The central problem that is facing us in Africa is sin. Sin is an insidious disease. It’s an opportunistic infection that would manifest itself wherever it finds the opportunity. This means that the manifestation of sin that we will see in Africa will be different from what we will see in the West. Because of the weakness of our institutions, for us sin is most especially evident in the abuse of power that leads to corruption and other vices. Each of us are as potentially corrupt as our leaders, the only difference is our lack of power and opportunity.

Africa Needs Renewed Hearts More Than New Leaders

What then is the solution? It is that we teach our people about the gospel. The gospel is the only narrative that makes sense of the persistence of bad leadership in Africa because the gospel expects everyone to be bad. Yet it is only the gospel that offers the power to change bad people and make them able to do good things through the power of Christ.

As the late Tim Keller put it: “The gospel is this: We are more sinful and flawed in ourselves than we ever dared believe, yet at the very same time we are more loved and accepted in Jesus Christ than we ever dared hope.”

The gospel has power to change bad people and make them able to do good things.

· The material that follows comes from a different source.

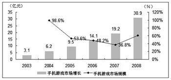 國(guó)內(nèi)手機(jī)游戲市場(chǎng)在過(guò)去的幾年里呈現(xiàn)快速發(fā)展的趨勢(shì)。2004年增長(zhǎng)率接近100%,2005年也有50%以上的增長(zhǎng)。但最近兩年國(guó)內(nèi)整個(gè)手機(jī)游戲市場(chǎng)隨著手機(jī)普及率的增速放緩也進(jìn)入了盤整期。iResearch咨詢估計(jì),從2005年至2007年,國(guó)內(nèi)手機(jī)游戲市場(chǎng)的收入規(guī)模盡管仍然處于上漲趨勢(shì),但年增長(zhǎng)率逐年下降,2008年后隨著市場(chǎng)環(huán)境更加成熟理性,年增長(zhǎng)率將會(huì)出現(xiàn)反彈,升至60%以上。

I believe that Africa can become better. Yet, it will not be by our shortcut methods where we think that we can microwave change. If change will come, it will come slowly. It will come through the patient work of pastors preaching the gospel to their congregations every week; by the slow work of Christians going out into the communities every week and becoming light and salt; and in evangelism and church planting, where we extend the frontiers of the kingdom of God into Africa.

Reason for Real Optimism

This is exactly what Jesus meant in the parable of the mustard seed. “The kingdom of heaven is like a grain of mustard seed that a man took and sowed in his field. It is the smallest of all seeds, but when it has grown it is larger than all the garden plants and becomes a tree, so that the birds of the air come and make nests in its branches” (Matthew 13:31-32).

If we are faithful, Jesus promises us a harvest in Africa.

Brothers and sisters, our job is to plant tiny gospel seeds, to water them and pray for growth. If we are faithful, Jesus promises us a harvest in Africa that would be greater than anything we can ask or even imagine.